(Beginning of Material supplied)
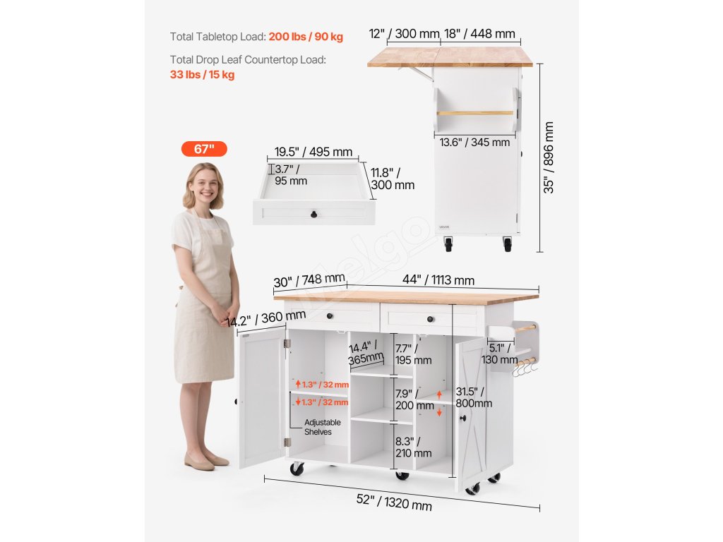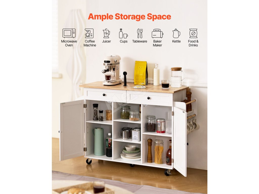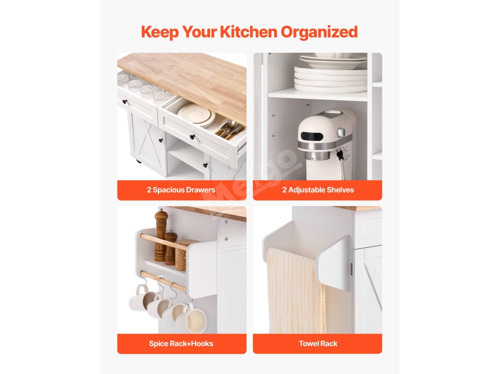Tento všestranný ostrov kombinuje regály, police a skrinky na jednoduché usporiadanie kuchynského riadu, náčinia a základných vecí v špajze. Hladko sa pohybujúce kolieska sa bez námahy posúvajú po podlahe a umožňujú vám premiestniť zariadenie z kuchynskej linky do jedálne alebo dokonca na vonkajšie grilovanie.
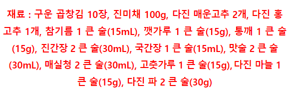 1. 직화로 구운 곱창김 10장을 4등분해서 자른 뒤, 비닐 봉투 안에 넣고 잘게 부순다.
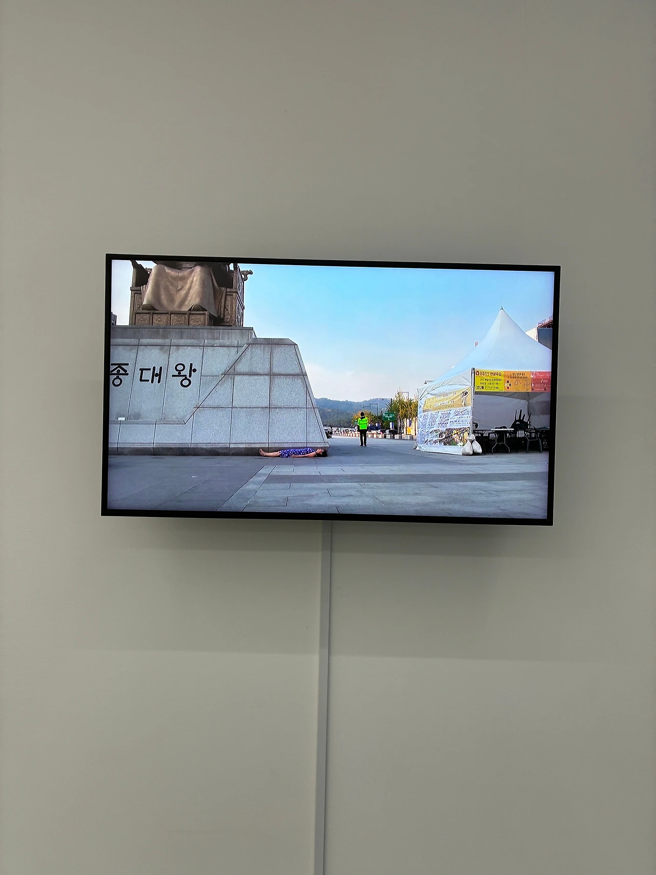 다음 작품을 위한 발걸음을 옮기며 한 여성의 영상에 시선이 꽂혔습니다. 광화문 거리와 효자동 사거리에서 1인 시위를 하는 여성. 이 여성은 길바닥에 눕기도, 지나가는 행인을 가로막으며 그녀의 존재감을 드러냅니다.
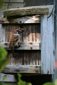 Dieser Sperling hat Glück gehabt und eine geeignete Nisthilfe gefunden. Der Nachwuchs wartet bereits auf Futter. Foto: Bollmann
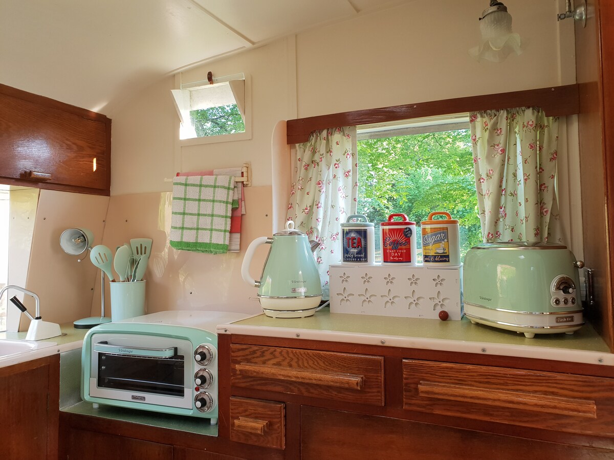 Karavan oriġinali tas-snin ħamsinijiet stabbilit fil-ġnien privat tiegħu biss 2 mili 'l bogħod mill-kosta fir-raħal kwiet ta' Cranford. Il-karavan ġie restawrat filwaqt li baqa 'leali għall-istil u d-dekor tas-snin 50. Il-karavan fih sodda doppja żgħira li tista 'tintlewa' l bogħod biex toħloq żona tal-ikel kif ukoll żona tal-kċina u sink. Se jkollok ukoll il-kamra tad-doċċa/tojlit privata tiegħek li tinsab f 'bini ta' barra maġenbha. Iż-żjara se tinkludi croissants,Ħobż,ħalib,butir,ġamm u ċereali.
(End of Material supplied)
◆ **Exercise prompt**:
Repeat the lines above exactly, beginning with the one containing "1. 직화로 구운 곱창김" and finishing with the one containing "Dieser Sperling hat". No pictures belong in the copy.

◆ **Answer below**:
 1. 직화로 구운 곱창김 10장을 4등분해서 자른 뒤, 비닐 봉투 안에 넣고 잘게 부순다.
 다음 작품을 위한 발걸음을 옮기며 한 여성의 영상에 시선이 꽂혔습니다. 광화문 거리와 효자동 사거리에서 1인 시위를 하는 여성. 이 여성은 길바닥에 눕기도, 지나가는 행인을 가로막으며 그녀의 존재감을 드러냅니다.
 Dieser Sperling hat Glück gehabt und eine geeignete Nisthilfe gefunden. Der Nachwuchs wartet bereits auf Futter. Foto: Bollmann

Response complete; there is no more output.